Brandon Williams updated CASSANDRA-16634:
-----------------------------------------
     Bug Category: Parent values: Correctness(12982)
       Complexity: Normal
      Component/s: Local/Compaction
    Discovered By: User Report
    Fix Version/s: 4.0.x
                   3.11.x
         Severity: Normal
           Status: Open  (was: Triage Needed)

> Garbagecollect should not output all tables to L0 with LeveledCompactionStrategy
> --------------------------------------------------------------------------------
>
>                 Key: CASSANDRA-16634
>                 URL: https://issues.apache.org/jira/browse/CASSANDRA-16634
>             Project: Cassandra
>          Issue Type: Bug
>          Components: Local/Compaction
>            Reporter: Scott Carey
>            Assignee: Scott Carey
>            Priority: Normal
>             Fix For: 3.11.x, 4.0.x
>
>          Time Spent: 10m
>  Remaining Estimate: 0h
>
> nodetool garbagecollect always outputs to L0 with LeveledCompactionStrategy.

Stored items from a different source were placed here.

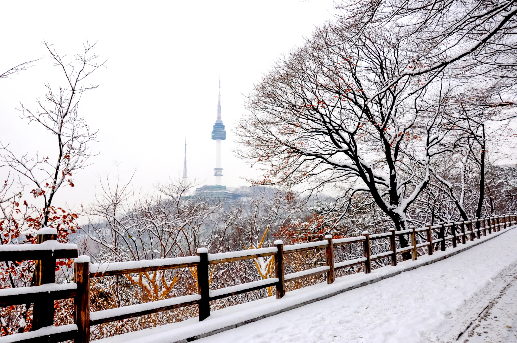 눈오는 남산에서 서울을 즐겨보는것도...
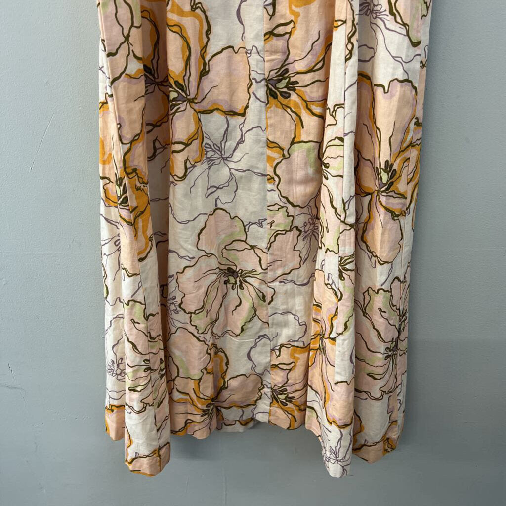 Amalie Pink/ White Flower Print Linen Blend Midi Dress 6
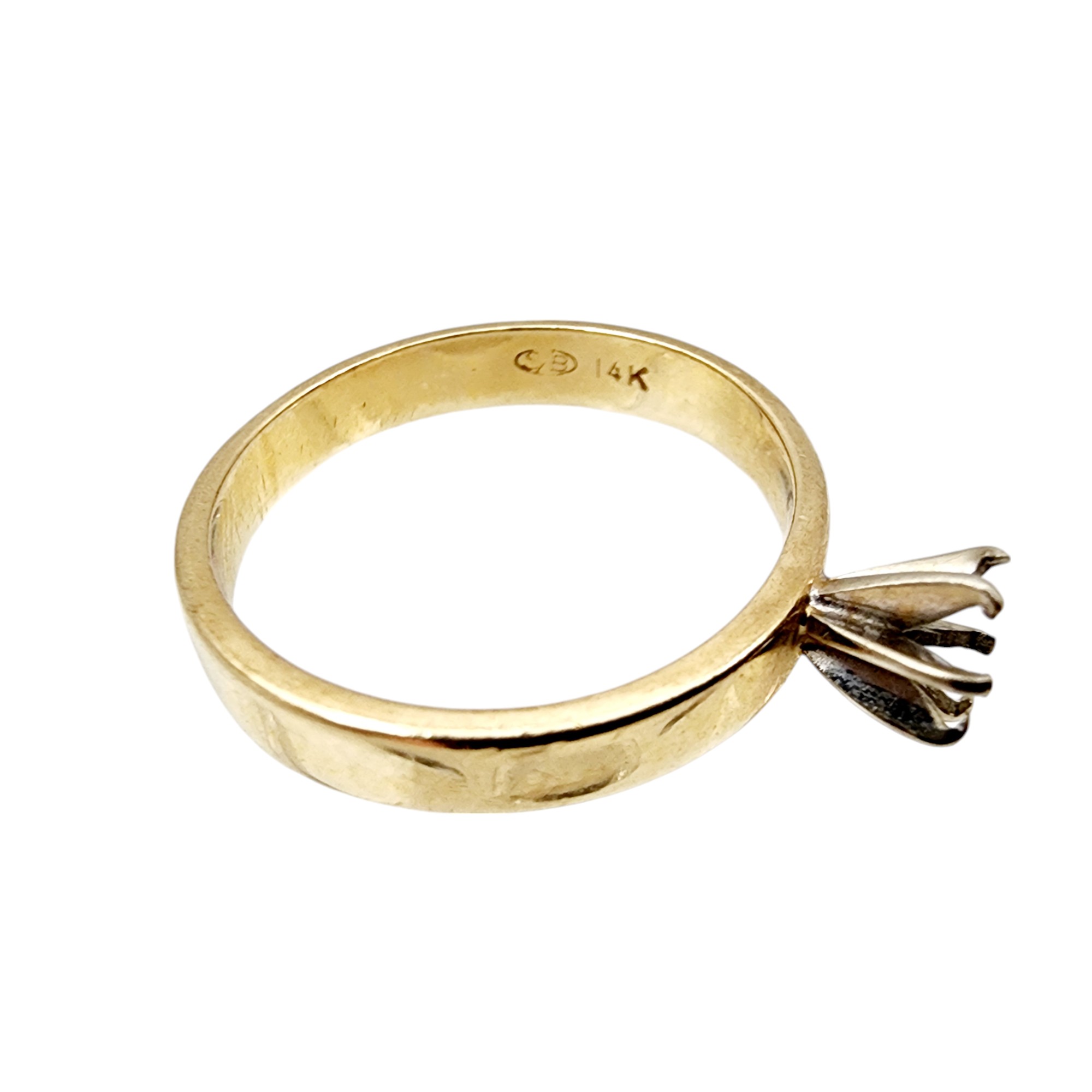 14k Gold Signed Ring Sz 5.5 2.3g, as is, missing stone

> This is awful.  On a large LCS table, this means that at the end of the garbagecollect process, all data is in L0.
>  
> This results in an awful sequence of useless temporary space usage and write amplification:
>  # L0 is repeatedly size-tiered compacted until it doesn't have too many SSTables.  If the original LCS table had 2000 tables... this takes a long time
>  # L0 is compacted to L1 in one to a couple very very large compactions
>  # L1 is compacted to L2, L3 to L4, etc.  Write amplification galore
> Due to the above, 'nodetool garbagecollect' is close to worthless for large LCS tables.  A full compaction is always less write amplification and similar temp disk space required.  The only exception is if you can use 'nodetool garbagecolect' part-way, and then use 'nodetool stop' to cancel it before L0 is too large.  In this case if you are lucky, and the order that it chose to process SSTables coincides with tables that have the most  disk space to clear, you might free up enough disk space to succeed in your original goal.
>  
> However, from what I can tell, there is no good reason to move the output to L0.  Leaving the output table in the same SSTableLevel as the source table does not violate any of the LeveledCompactionStrategy placement rules, as the output by definition has a token range equal to or smaller than the source.

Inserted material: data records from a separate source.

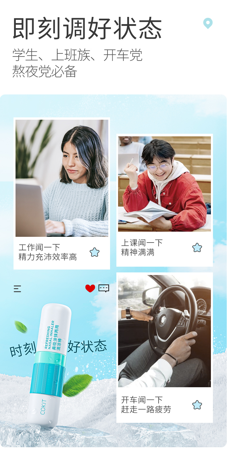 一款好的提神产品,可以帮助到很多上班族和学生党,让大家工作、学习效率提高上去也是COKIT的初衷!
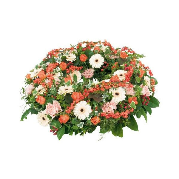 Couronne plate dans les tons d'orangen rouge et crème composée de germinis, roses , œillets orange pale et autres fleurs de saison.
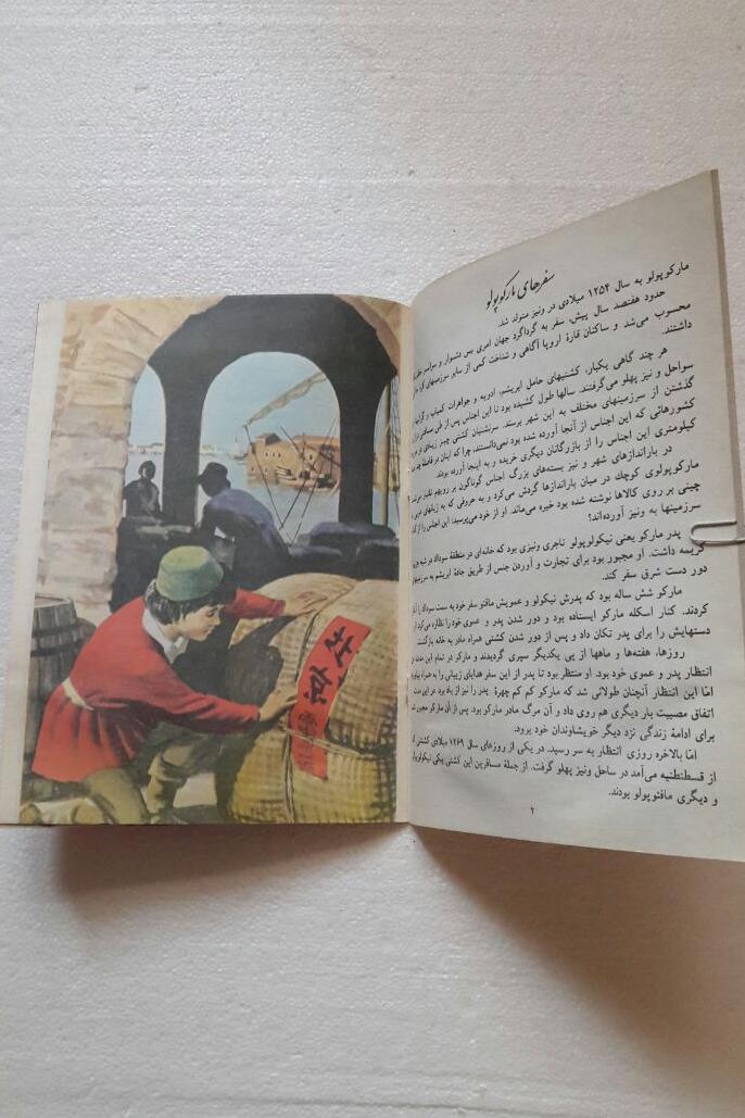 کتاب سفرهای مارکوپولو 1385بدون کسری است ولی از حاشیه پایین آبخوردگی دارد که در عکس تا حدودی قابل مشاهده است.مواردی لک جزئی.با قطع رحلی(آ4) 24صفحه می باشد.ممکن است اختلافات جزئی بین دو نسخه موجود که برای فروش گذاشته شده،وجود داشته باشد.در صورت عدم مطابقت با انتظاراتتان از خرید خودداری نمایید.
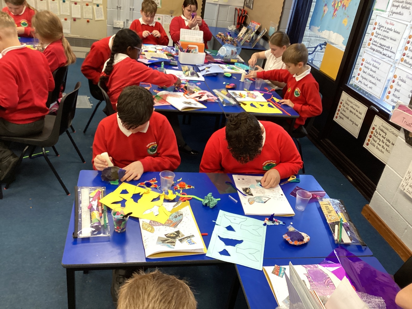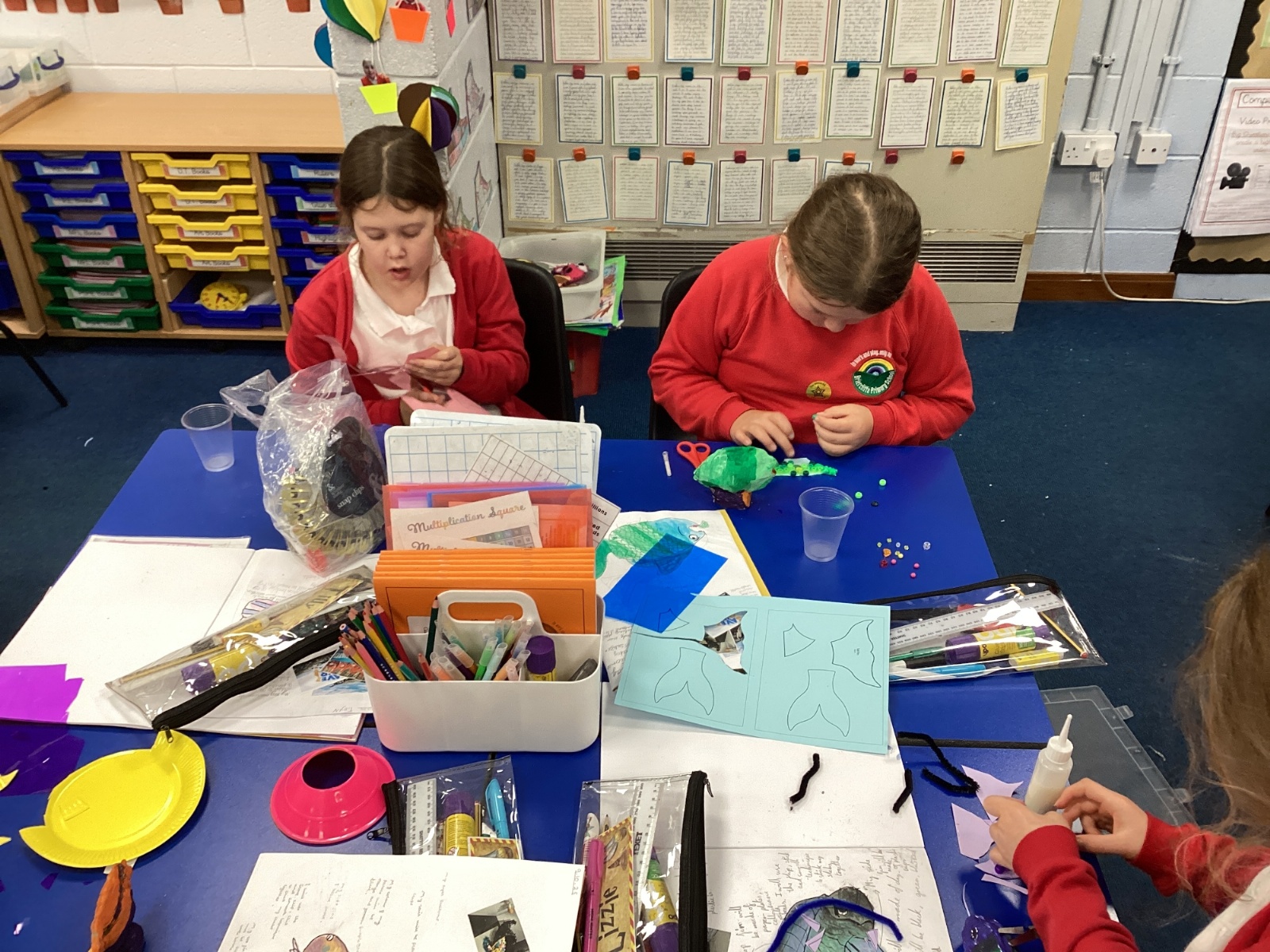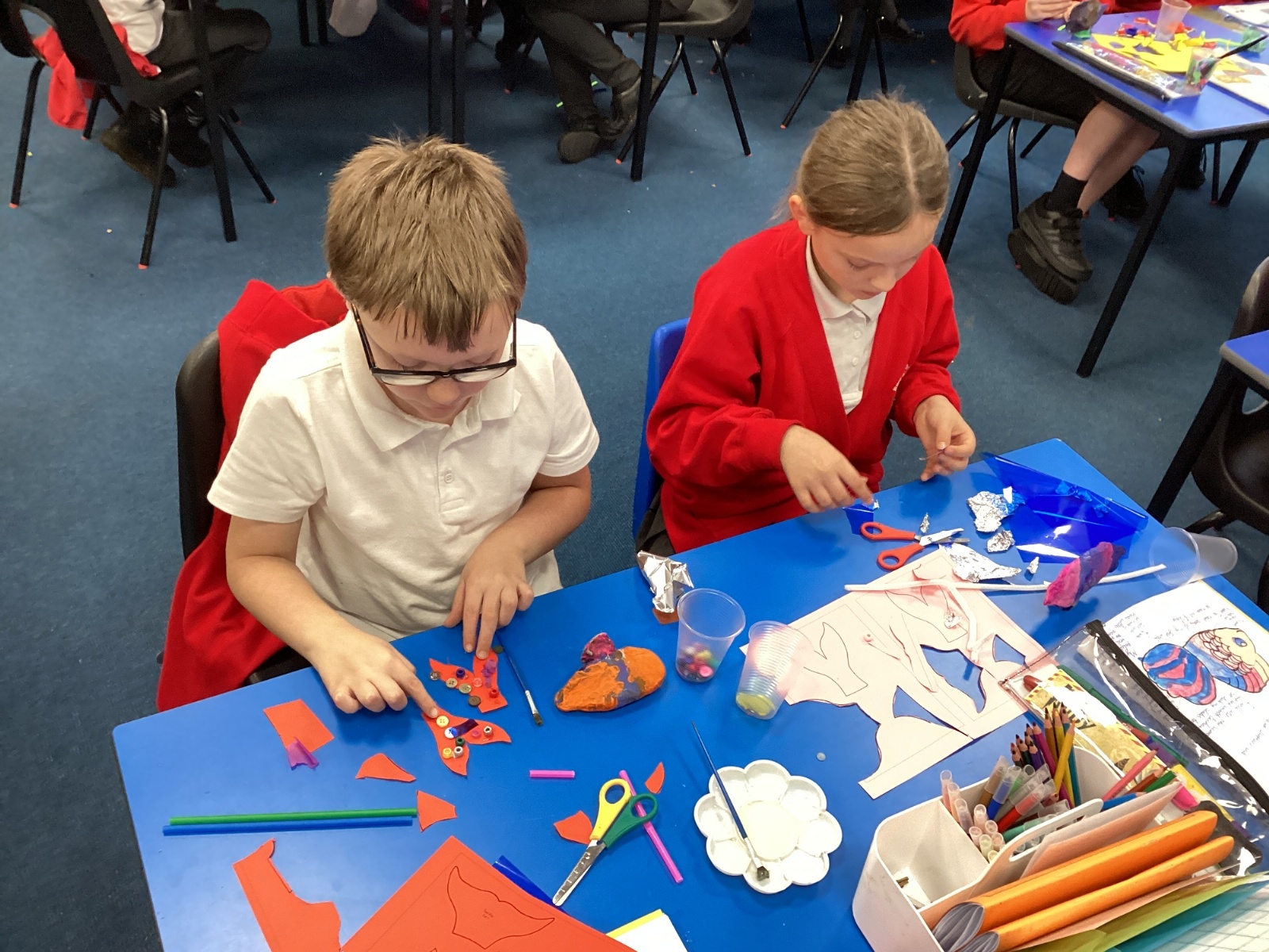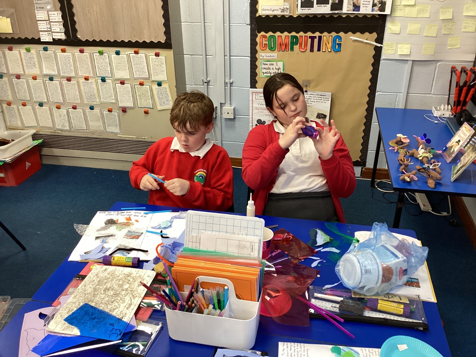 We enjoyed using the clay techniques practised to sculpt our fish this week. We then painted them and added the recycled materials. The final sculptures were fantastic. We also had the pleasure of welcoming 4H into our classroom on Friday morning so that they could read and share their amazing non-chronological report about the Loch Ness Monster. We also read our reports on mythical creatures. It was lovely to see all the children proudly sharing their work.

> The only drawback is if the size of the output files is significantly smaller than the source, in which case the source level would be under-sized.   But that seems like a problem that LCS has to handle, not garbagecollect.

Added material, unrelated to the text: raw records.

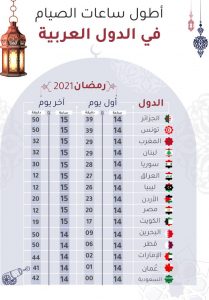 الإنفوجراف التالي يوضح أطول ساعات الصيام في الدول العربية:
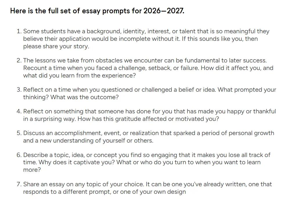 Ref:https://www.commonapp.org/blog/announcing-2026-2027-common-app-essay-prompts
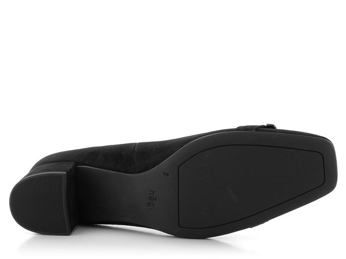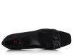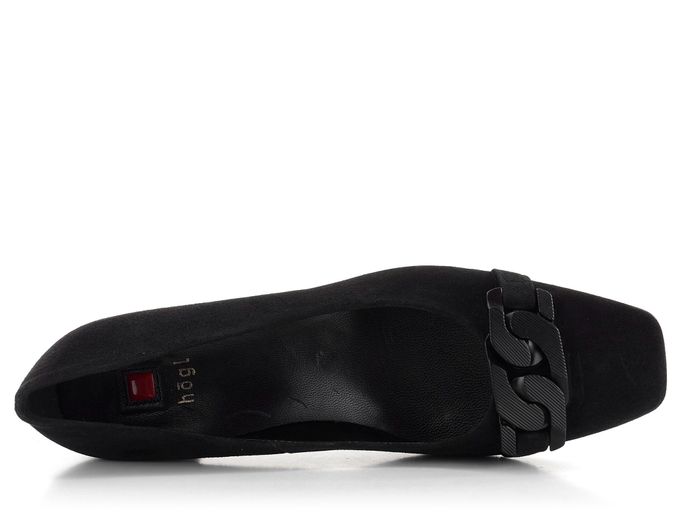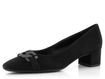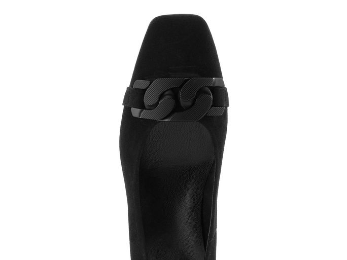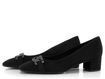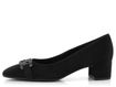 Luxusní dámské semišové lodičky v černé barvě s potaženým podpatkem a módní sponou na špičce.
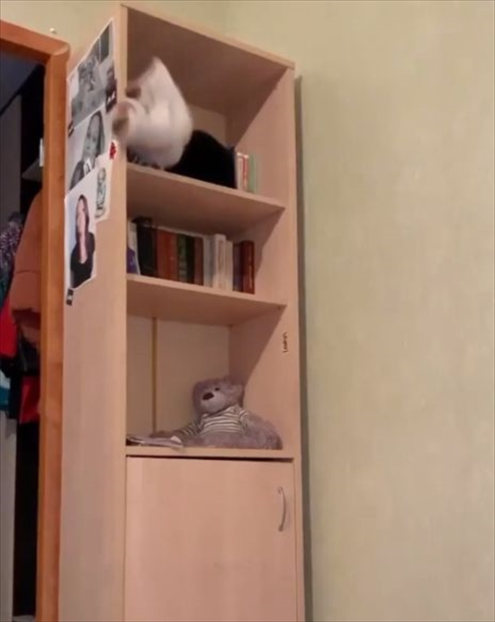 高い棚の一番上までぬいぐるみを運ぶことに成功!ここなら飼い主さんにも見つからないだろうということですね。現場を飼い主さんに動画撮影はされていますが・・(笑)
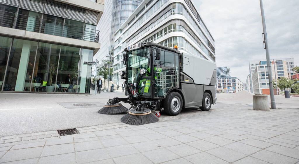 Mit rückenschonenden De-luxe-Komfortsitzen für ermüdungsfreie Arbeitseinsätze. Beidseitiger Ein- und Ausstieg mit großen Schiebefenstern in den Türen. Eco-Taste zum Start des Kehrbetriebs.
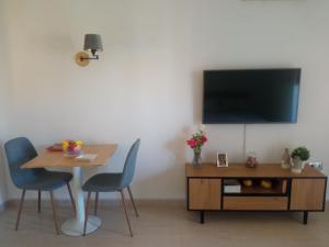 Guests can make meals in the kitchen that is equipped with a stovetop, a refrigerator, kitchenware and a microwave. The studio provides air conditioning, a washing machine, a terrace with sea views as well as a private bathroom featuring a shower. The unit offers 2 beds.

> LCS could have a "pull up" operation where it does something like the following.   Assume a table has L4 as the max level, and L3 and L4 are both 'under-sized'.  L3 can attempt to 'pull up' any tables from L4 that do not overlap with the token ranges of the L3 tables.  After that, it can choose to do some compactions that mix L3 and L4 to pull up data into L3 if it is still significantly under-sized.
> From what I can tell, garbagecollect should just re-write tables in place, and leave the compaction strategy to deal with any consequences.
> Moving to L0 is a bad idea.  In addition to the extra write amplification and extreme increase in temporary disk space required, I observed the following:
> A 'nodetool garbagecollect' was placing a lot of pressure on a L0 of a node.  We stopped it about 20% through the process, and it managed to compact down the top couple levels.  So we tried to run 'garbagecollect' again, but the first tables it chose to operate on were in L1, not the 'leafs' in L5!   This was because the order of SSTables chosen currently does not consider the level, and instead looks purely at the max timestamp in the  file.  But because we moved _very old_ data from L5 into L0 as a result of the prior gabagecollect, manytables in L1 and L2 now had very wide ranges between their min and max timestamps – essentially some of the oldest and newest data all in one table.    This breaks the usual structure of an LCS table where the oldest data is at the high levels.
>  
> I hope that others agree that this is a bug, and deserving of a fix.
> I have a very simple patch for this that I will be creating a PR for soon.  3 lines for the code change, 70 lines for a new unit test.